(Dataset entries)

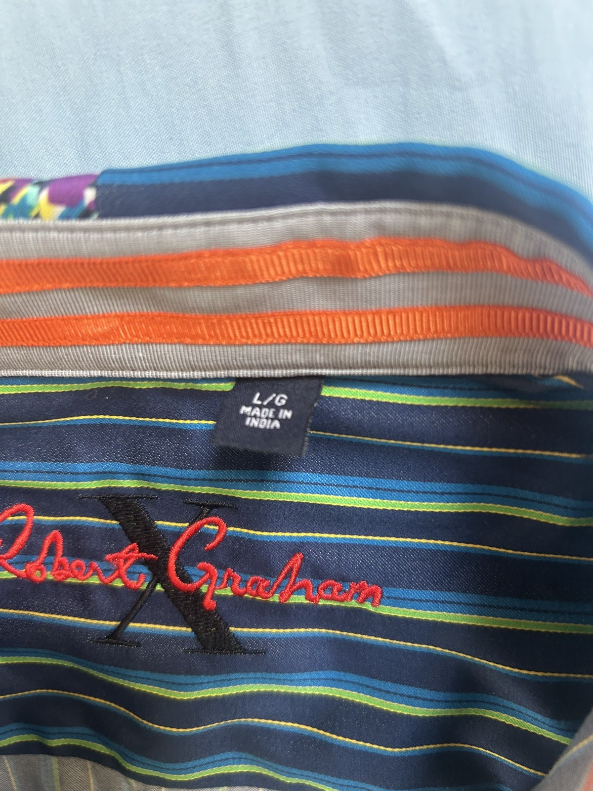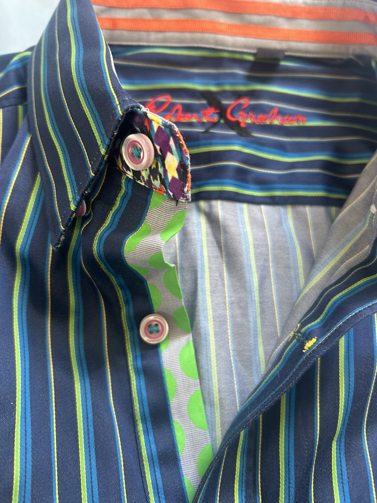 Robert Graham Shirt Mens L blue Green Striped Long sleeve button up down shirt
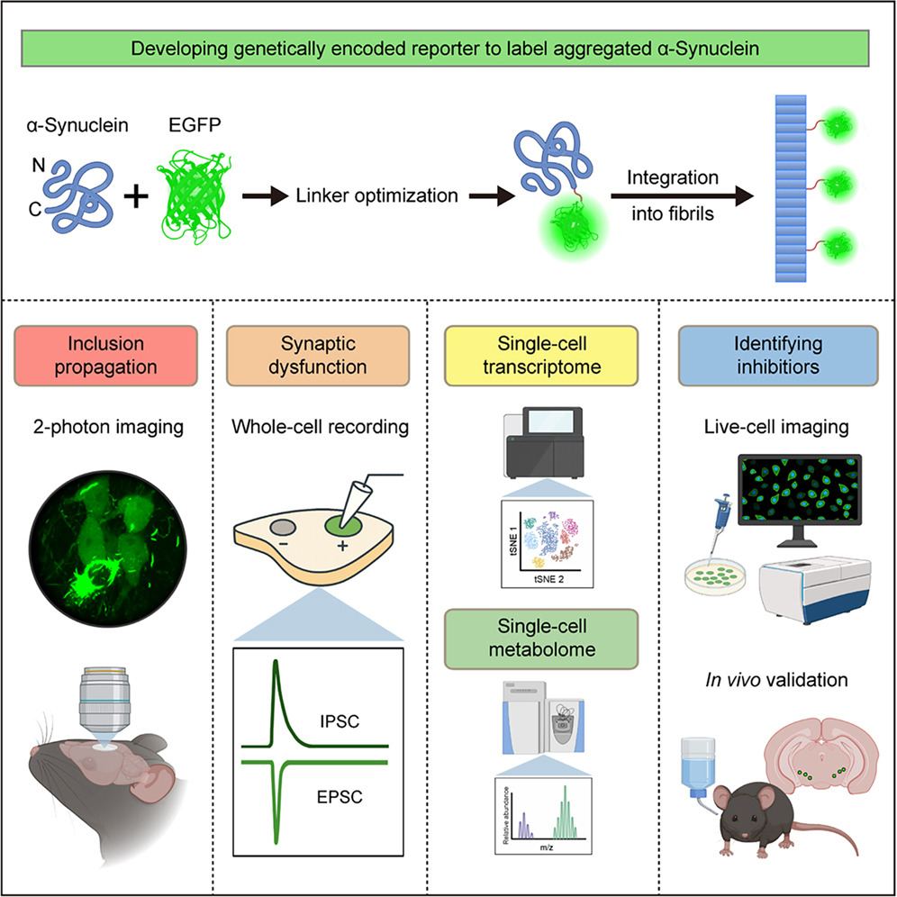 Genetically encoded fluorescent reporters to visualize α-synuclein pathology in live brain
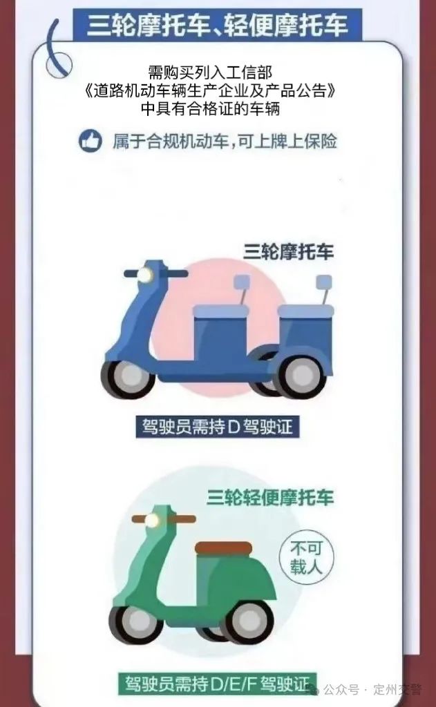 電動三輪摩托車是指最高設(shè)計車速大于50km/h,符合GB24155-2020標(biāo)準(zhǔn)的機動車;電動輕便摩托車是指最高設(shè)計車速大于25km/h且不大于50km/h,符合GB24155-2020標(biāo)準(zhǔn)的機動車。
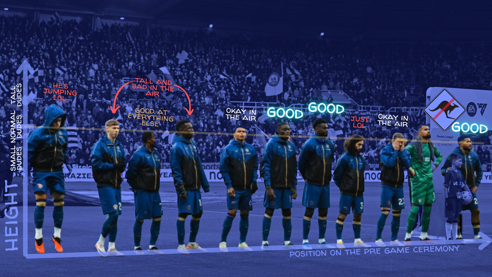 It’s still important to have tall dudes at disposal, because you’d expect to use one as base man (guy between ball and near post) whilst keeping reasonably good enough headers for markings.
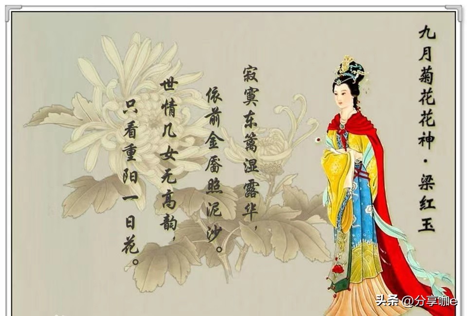 农历九月的深秋,是菊花开得最艳的时候,所以又叫菊月。在菊花这个璀璨的香国里,有的端雅大方,有的龙飞凤舞,有的壮丽如彩虹,有的洁白赛霜雪,相当迷人。九月菊花花神据说是陶渊明。这位东晋田园诗人以菊为友,曾写过许多咏菊诗。
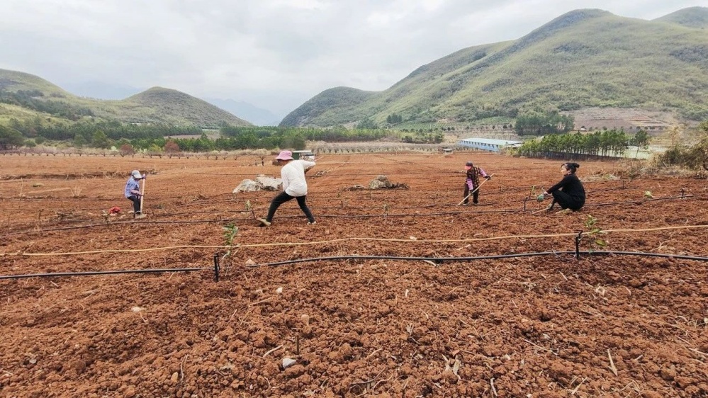 步入田間,一幅生動(dòng)的春耕畫(huà)卷躍然眼前。果農(nóng)們忙碌的身影在金黃的土地上穿梭,揮鋤挖坑、移苗填土、澆水施肥,每一道工序都傾注著他們對(duì)豐收的渴望與執(zhí)著。山巒遠(yuǎn)眺,田野近觀,兩者交相輝映,共同勾勒出一幅絢麗多彩的鄉(xiāng)村美景圖。
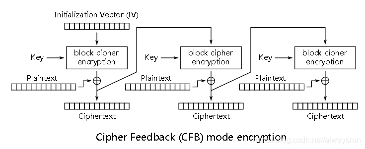 CFB(Cipher Feedback, 密码反馈)模式和CBC模式比较相似:
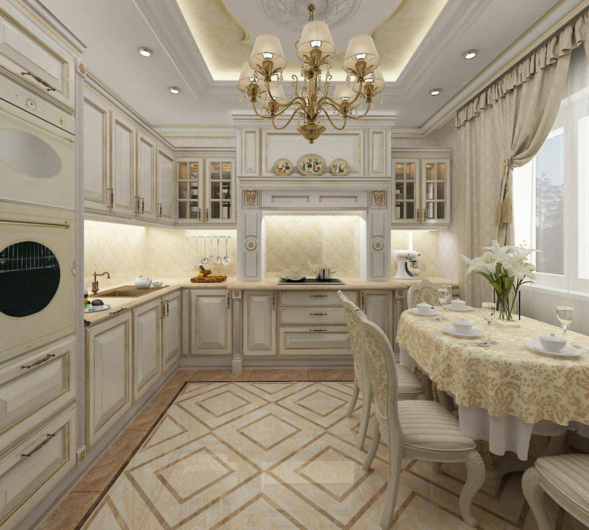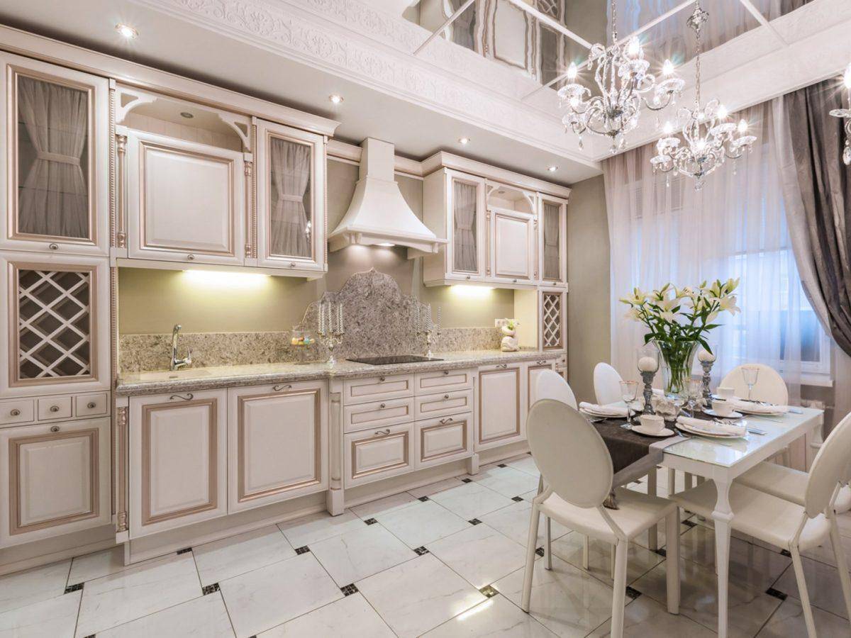 - Классический интерьер выглядит роскошно и элегантно. При его воплощении необходимо придерживаться правил симметрии в расположении предметов, использовать натуральные материалы, лепнину, позолоту и др. Идеально впишется в обстановку кухонный гарнитур из тёмного дерева простой формы, но украшенный резьбой, накладными декоративными элементами, фурнитурой из бронзы или латуни.
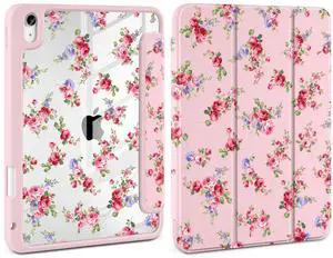 Loyrina Case for iPad Air 13 inch 2026 M4 2025 M3 2024 M2 Release Slim Lightweight Shockproof Cute Light Pink Cover with Clear Back TPU Edge Pencil Holder Trifold Stand Auto Wake Sleep, Elegant Rose
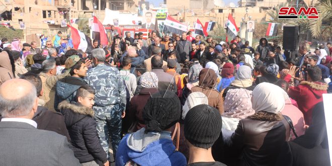 وأكد المشاركون في التجمع أن انتصارات الجيش على الإرهاب في ريف حلب تؤكد للعالم أجمع أن سورية لن تتخلى عن أي شبر من أراضيها وأن جيشها مستمر في الدفاع عن أرضه حتى تحرير آخر شبر منها من رجس الإرهاب.
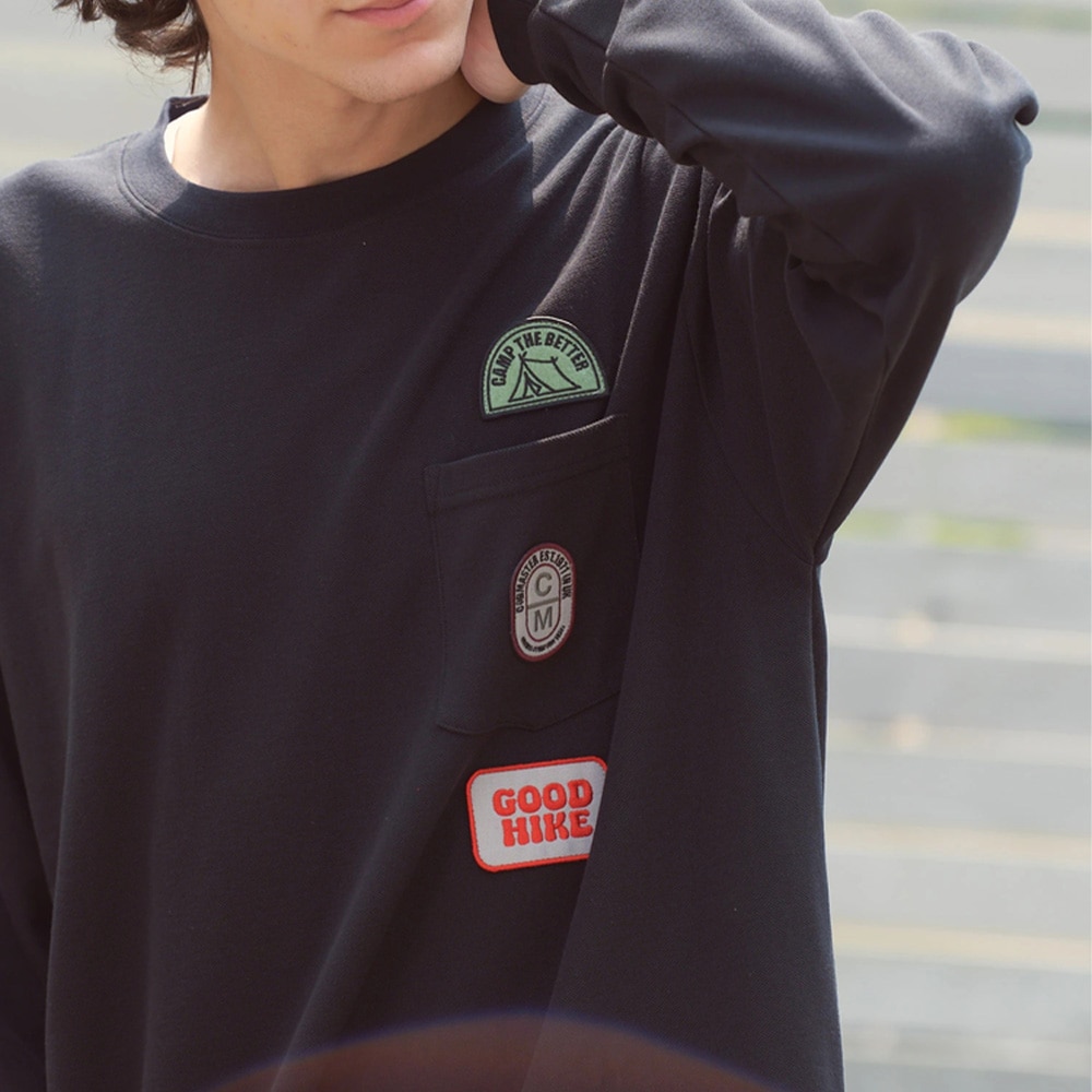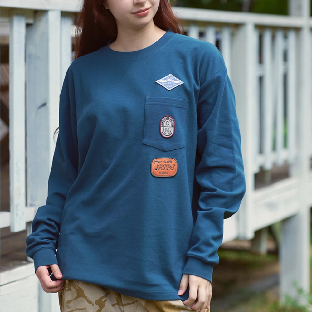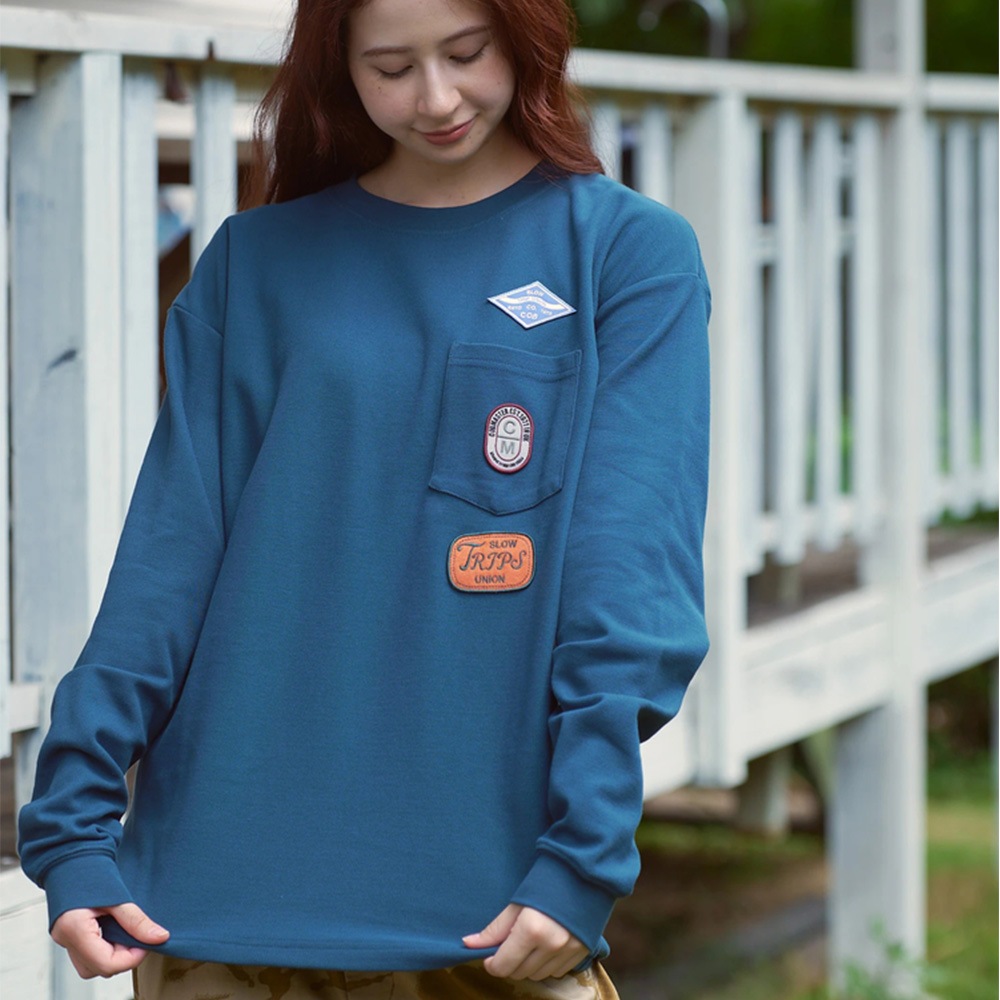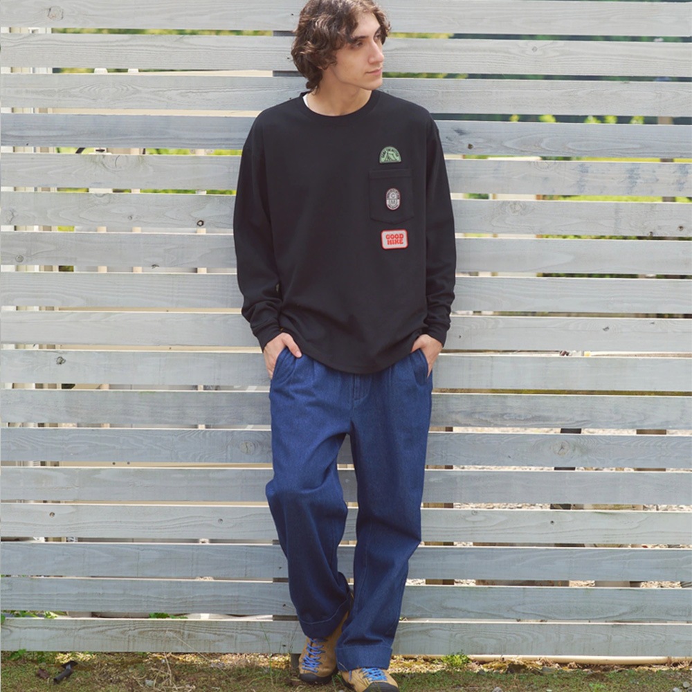 胸ポケットには、レトロアウトドアの雰囲気を演出するオリジナルワッペンをオン。

Assignment
Return only the lines from the one that contains "Loyrina Case for" through the closing line of the data, inclusive, reproduced exactly and with every picture left out.

Answer
 Loyrina Case for iPad Air 13 inch 2026 M4 2025 M3 2024 M2 Release Slim Lightweight Shockproof Cute Light Pink Cover with Clear Back TPU Edge Pencil Holder Trifold Stand Auto Wake Sleep, Elegant Rose
 وأكد المشاركون في التجمع أن انتصارات الجيش على الإرهاب في ريف حلب تؤكد للعالم أجمع أن سورية لن تتخلى عن أي شبر من أراضيها وأن جيشها مستمر في الدفاع عن أرضه حتى تحرير آخر شبر منها من رجس الإرهاب.
 胸ポケットには、レトロアウトドアの雰囲気を演出するオリジナルワッペンをオン。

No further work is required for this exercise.